COLLECTED DATA section start
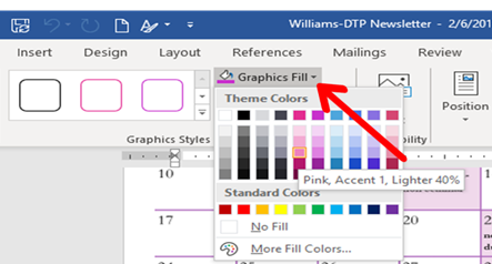 In the graphics styles block, click on the graphics fill drop down menu as shown below.
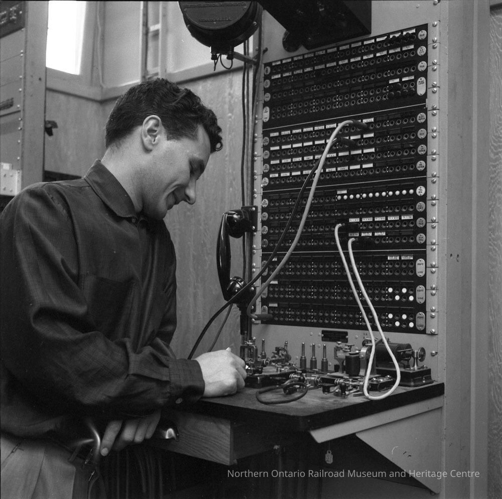 Photograph, Man working at the Canadian National telegraph and cable office, Kitimat, British Columbia .Collection
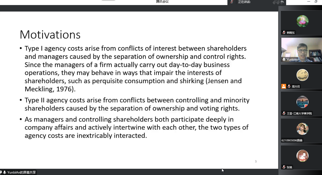 此次讲座,安教授首先介绍了研究动机:由于公司的经理人实际进行日常的经营活动,他们可能会以损害股东利益的方式行事,比如在职消费和推卸责任。控制权和投票权分离导致的控股股东和中小股东之间的冲突产生了代理成本。由于管理者和控股股东都深度参与公司事务,利益交织在一起,两类代理成本之间存在着千丝万缕的联系,由此引出了研究问题,即交互代理成本与企业价值波动。
COLLECTED DATA section end
WORK TO COMPLETE ->
Would you print the whole listing exactly, omitting the pictures?

FINISHED TASK ->
 In the graphics styles block, click on the graphics fill drop down menu as shown below.
 Photograph, Man working at the Canadian National telegraph and cable office, Kitimat, British Columbia .Collection
 此次讲座,安教授首先介绍了研究动机:由于公司的经理人实际进行日常的经营活动,他们可能会以损害股东利益的方式行事,比如在职消费和推卸责任。控制权和投票权分离导致的控股股东和中小股东之间的冲突产生了代理成本。由于管理者和控股股东都深度参与公司事务,利益交织在一起,两类代理成本之间存在着千丝万缕的联系,由此引出了研究问题,即交互代理成本与企业价值波动。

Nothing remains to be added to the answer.